EXERCISE
Below are the records. Retype exactly the lines between the lines holding "- ネクストホープ不動産販売より購入していただいた理由は?" and "This application will", inclusive.

INFORMATION PROVIDED
|---|

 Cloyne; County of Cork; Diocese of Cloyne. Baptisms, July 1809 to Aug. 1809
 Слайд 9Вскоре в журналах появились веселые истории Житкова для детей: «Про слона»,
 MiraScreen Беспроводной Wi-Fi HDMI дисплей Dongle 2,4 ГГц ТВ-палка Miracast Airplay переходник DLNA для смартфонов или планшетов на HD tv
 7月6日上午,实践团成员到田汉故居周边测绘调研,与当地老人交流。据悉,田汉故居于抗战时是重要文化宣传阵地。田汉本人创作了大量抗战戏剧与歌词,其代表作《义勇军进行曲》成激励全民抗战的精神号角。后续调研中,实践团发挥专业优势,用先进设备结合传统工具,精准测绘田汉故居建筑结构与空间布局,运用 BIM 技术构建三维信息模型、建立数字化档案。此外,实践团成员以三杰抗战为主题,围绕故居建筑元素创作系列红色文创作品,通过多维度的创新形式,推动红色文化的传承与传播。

|---|

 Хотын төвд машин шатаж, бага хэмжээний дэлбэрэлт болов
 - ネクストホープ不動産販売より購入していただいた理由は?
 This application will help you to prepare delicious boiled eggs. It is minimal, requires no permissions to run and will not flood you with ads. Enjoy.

|---|

TASK RESPONSE
 - ネクストホープ不動産販売より購入していただいた理由は?
 This application will help you to prepare delicious boiled eggs. It is minimal, requires no permissions to run and will not flood you with ads. Enjoy.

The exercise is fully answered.